In this particular case the first and the most obvious reason is how you load the data.

However, as far as I can tell tell, these options shouldn't affect the runtime in this particular case. Moreover the path before code reaches JVM backend in both cases, doesn't seem to differ enough to explain the difference.

This suggests that problem lies somewhere in the configuration. In general there are at least two options which can significantly affect data distribution, and therefore the execution time:

  • spark.default.parallelism - used with RDD API to determine the number of partitions in different cases, including default post-shuffle distribution. For possible implications see for example Spark iteration time increasing exponentially when using join

    It doesn't look like it affects your code here.

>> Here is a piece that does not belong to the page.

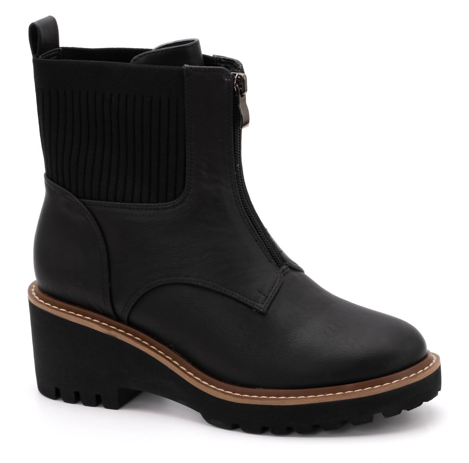 Say hello to the perfect, most versatile boot. The ankle height makes this style easily transition from day to night. Wear them with your favorite skinny jeans and tee for a more laid back look, or pair them with your favorite mini dress and jacket for a night out on the town. Introducing the Women's Boo Black Boots by Corkys Footwear, an essential addition to any fall wardrobe. These ankle boots feature a chunky black stretchy design with a convenient front zipper for easy wear. Designed with a round toe and a stylish wedge heel, they offer a comfortable 2.5-inch lift. Perfect for embracing the western trend this season.

  • spark.sql.shuffle.partitions - used with Dataset API to determine the number of partitions after a shuffle (groupBy, join, etc.).

    While PageRank code uses old GraphX API, and this parameter is not directly applicable there, before data is passed to the older API, involves indexing edges and vertices with Dataset API.

    If you check the source you'll see that both indexedEdges and indexVertices use joins, and therefore depend on spark.sql.shuffle.partitions.

    Furthermore the number of partitions set by aforementioned methods will be inherited by the GraphX Graph object, significantly affecting execution time.

    If you set spark.sql.shuffle.partitions to a minimum value:

    spark: SparkSession
    spark.conf.set("spark.sql.shuffle.partitions", 1)
    

    the execution time on such small data should be negligible.

Conclusion:

You environments are likely to use different values of spark.sql.shuffle.partitions.

General Directions:

If you see behavior like this, and want to roughly narrow down the problem you should take a look at the Spark UI, and see where things diverge. In this case you're likely to see significantly different numbers of tasks.